Editorial - Octobre 2013 - n° 161

Éric Toussirot
- Centre Investigation Clinique Biothérapie INSERM CBT-506, Pôle Recherche, CHRU Besançon
- Service de Rhumatologie, Pôle PACTE (Pathologies Aiguës, Chroniques, Transplantat ion, Éducat ion), CHRU de Besançon,
- Département Universitaire de Thérapeutique & Équipe d’Accueil 4266 «Agents Pathogènes et Inf lammation», SFR FED 4234, Université de Franche-Comté, Besançon

 

Blocage de l’interleukine-1 : vers un large spectre d’indications thérapeutiques?


L’interleukine-1 (IL-1) est une cytokine pro-inflammatoire dont les effets biologiques sont bien connus.

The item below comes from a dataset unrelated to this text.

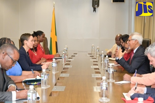 Minister of Foreign Affairs and Foreign Trade, Senator the Hon. Kamina Johnson Smith (seated third left), and other stakeholders listen as Secretary-General of the International Federation of Red Cross and Red Crescent Societies (IFRC), Jagan Chapagain (seated second right), speaks during a courtesy call on Tuesday (April 21) at the Ministry’s Office in Kingston.

Elle agit comme un médiateur du système immunitaire en réponse à une agression de type infection ou inflammation et est impliquée aussi bien dans les processus inflammatoires aigus que chroniques (1, 2). Son rôle physiopathologique dans la polyarthrite rhumatoïde (PR) est depuis longtemps déterminé (rôle dans la phase inflammatoire et la destruction ostéo-cartilagineuse) et l’IL-1 fait ainsi partie des cytokines pro-inflammatoire par excellence avec le TNFα et l’IL-6. Ces trois cytokines ont donc logiquement fait l’objet d’un ciblage thérapeutique dans la PR.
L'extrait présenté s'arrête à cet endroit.